**REQUIREMENT:** A stretch of the entries below is to be set down exactly, running from the line with "Velkommen til jeres" through the line with "Ancient stone dolmen", both included, and no other line.

**SOURCE INFORMATION:**
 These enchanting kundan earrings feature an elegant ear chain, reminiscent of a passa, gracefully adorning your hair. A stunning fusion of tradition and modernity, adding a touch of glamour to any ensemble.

==

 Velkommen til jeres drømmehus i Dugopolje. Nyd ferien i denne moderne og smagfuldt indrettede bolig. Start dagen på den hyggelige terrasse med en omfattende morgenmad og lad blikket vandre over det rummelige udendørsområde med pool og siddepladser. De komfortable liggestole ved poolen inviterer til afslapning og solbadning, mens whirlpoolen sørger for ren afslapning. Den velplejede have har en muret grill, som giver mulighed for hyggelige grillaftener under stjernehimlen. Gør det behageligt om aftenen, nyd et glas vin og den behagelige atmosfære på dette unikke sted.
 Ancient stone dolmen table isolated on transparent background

**SOLUTION TO THIS TASK:**
 Velkommen til jeres drømmehus i Dugopolje. Nyd ferien i denne moderne og smagfuldt indrettede bolig. Start dagen på den hyggelige terrasse med en omfattende morgenmad og lad blikket vandre over det rummelige udendørsområde med pool og siddepladser. De komfortable liggestole ved poolen inviterer til afslapning og solbadning, mens whirlpoolen sørger for ren afslapning. Den velplejede have har en muret grill, som giver mulighed for hyggelige grillaftener under stjernehimlen. Gør det behageligt om aftenen, nyd et glas vin og den behagelige atmosfære på dette unikke sted.
 Ancient stone dolmen table isolated on transparent background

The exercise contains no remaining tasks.